Friday, 26 October 2018

WebAuthn Authentication in AM 6.5

ForgeRock AccessManagement 6.5, will have out of the box integration for the W3C WebAuthn. This modern “FIDO2” standard allows cryptographic passwordless authentication – integrating with a range of native authenticators, from USB keys to fingerprint and facial recognition systems found natively in many mobile and desktop operating systems.

Why is this so cool? Well firstly we know passwords are insecure and deliver a poor user experience. But aren’t there loads of strong MFA solutions out there already? Well, there are, but many are proprietary, require complex integrations and SDK’s and ultimately, don’t provide the level of agility that many CISO’s and application designers now require. 

Rolling out a secure authentication system today, will probably only result in further integration costs and headaches tomorrow, when the next “cool” login method emerges.

Having a standards based approach, allows for easier inter-operability and a more agile platform for change.

AM 6.5 has introduced two components to allow this to happen: A WebAuthn registration node and a WebAuthn login node. Super simple drag and drop nodes that can augment existing authentication journeys or simply be used on their own.

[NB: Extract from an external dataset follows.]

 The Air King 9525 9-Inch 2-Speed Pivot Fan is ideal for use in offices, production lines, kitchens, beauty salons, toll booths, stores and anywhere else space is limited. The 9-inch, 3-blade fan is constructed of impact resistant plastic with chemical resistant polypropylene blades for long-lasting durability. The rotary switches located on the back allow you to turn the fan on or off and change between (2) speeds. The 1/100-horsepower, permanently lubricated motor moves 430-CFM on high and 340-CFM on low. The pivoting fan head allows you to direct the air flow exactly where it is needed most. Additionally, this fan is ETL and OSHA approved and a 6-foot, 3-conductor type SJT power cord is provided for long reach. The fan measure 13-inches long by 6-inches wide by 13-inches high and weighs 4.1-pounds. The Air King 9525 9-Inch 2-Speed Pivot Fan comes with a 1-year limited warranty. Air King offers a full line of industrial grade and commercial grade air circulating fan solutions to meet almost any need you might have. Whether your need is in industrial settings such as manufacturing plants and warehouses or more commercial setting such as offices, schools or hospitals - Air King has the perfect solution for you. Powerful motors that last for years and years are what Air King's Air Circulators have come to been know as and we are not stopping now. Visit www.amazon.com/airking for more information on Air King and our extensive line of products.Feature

To demonstrate, take a look at the following user experience flow. This is using a Samsung S8 Edge mobile with fingerprint authentication enabled, accessing AM 6.5 via a Chrome Canary browser. This flow is registering my “credential” against AM.

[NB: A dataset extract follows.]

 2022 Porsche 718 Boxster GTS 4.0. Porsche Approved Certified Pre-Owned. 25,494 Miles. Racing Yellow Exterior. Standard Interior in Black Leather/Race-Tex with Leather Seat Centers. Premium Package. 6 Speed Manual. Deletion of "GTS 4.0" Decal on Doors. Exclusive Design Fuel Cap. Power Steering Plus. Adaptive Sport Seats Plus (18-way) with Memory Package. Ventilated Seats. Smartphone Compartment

So what just happened? Well, basically AM triggered some client side JavaScript, that accessed the new credentials management API now available in the Chrome v70 browsers – you can also find it in the latest Microsoft Edge and Firefox browsers too. This API interacted with the Android OS to trigger a security key flow. The Android device then triggered a user interaction for a finger print, which caused a new public/private key pair to be generated and mapped to the user and relying party (AM) triggering the event. The public key was sent back to AM, whilst the private key was stored in the local device’s secure element.

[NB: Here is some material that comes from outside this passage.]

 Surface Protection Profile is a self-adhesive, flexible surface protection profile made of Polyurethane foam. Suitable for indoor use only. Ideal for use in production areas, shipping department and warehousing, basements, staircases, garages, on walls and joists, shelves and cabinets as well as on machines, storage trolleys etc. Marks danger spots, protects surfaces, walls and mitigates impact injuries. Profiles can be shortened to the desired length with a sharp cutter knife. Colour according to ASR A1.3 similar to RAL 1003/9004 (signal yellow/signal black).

On the AM side, this was simply using a standard intelligent authentication tree and the native callbacks.

So I’ve now registered some credentials. What can I do with that?

Well basically, we leverage that credential during login. Take a look at this video that shows the login journey.

Hardly rocket science eh? So here, again AM triggers some client side JavaScript that initiates the native OS prompting me for a fingerprint to locally authenticate to the device. On result of that, the device can react to a challenge response flow that AM initiates. I basically prove ownership of the private key to the corresponding public key that AM has against my user profile.

Once complete, I’m authenticated and redirected to my user profile as normal. Simples. And not a password in sight.

The powerful aspect is really the interchangeability. An app owner can easily change authenticators, without having to change the backend server side deployment. No complex code changes, or SDK roll-outs, or device integration. Simple and secure with excellent agility.

Tuesday, 2 October 2018

OAuth2 Key Rotation in AM 6.5

With OAuth2 being the defacto authorization model many of our customers use, we made a few improvements to how AM handles the use of secrets in v6.5 that is released later this year.  The nightly build features some neat improvements in the secrets management API.

The API has been overhauled, to make it simpler to use, simpler to integrate and more secure.  As you'd expect. A neat focus was on simplifying the use case of key rotation.  Rotation is an essential part of deployment models - either as a reaction to a breach (and implementing the 3 R's paradigm) or a simple best practice.  Here I'll show a simple demo for rotating an RSA key used to sign OAuth2 stateless access tokens.

Firstly few intro bits regarding the new Secrets Management setup.  We now have a new global configure option, for Secret Stores.

Here we see two out of the box key stores configured.  The basic Java keytore.jceks and a default-passwords-keystore used for bootstrapping access.

The default-keystore config, is useful for testing and dev, where you can quickly access the local file system based Java keystore.  The config for this is pretty straightforward.  The entrypass and storepass settings are de-referenced in the default-passwords-store, where these encrypted values are read from the filesystem to bootstrap access.

In production, many customers tho are likely to want to integrate with PKCS#11 fronted Hardware Security Modules (HSM's) or even a cloud vault.

Within the keystore configuration, there is a new mappings tab.  This tab is the interesting aspect with respect to rotation.  Here we can add in active and multiple secondary keys for specific purposes.  These purposes allow focused use of keys within the secrets API.  A general good practice is to have very focused use of key material, which is declared and can't be mis-configured.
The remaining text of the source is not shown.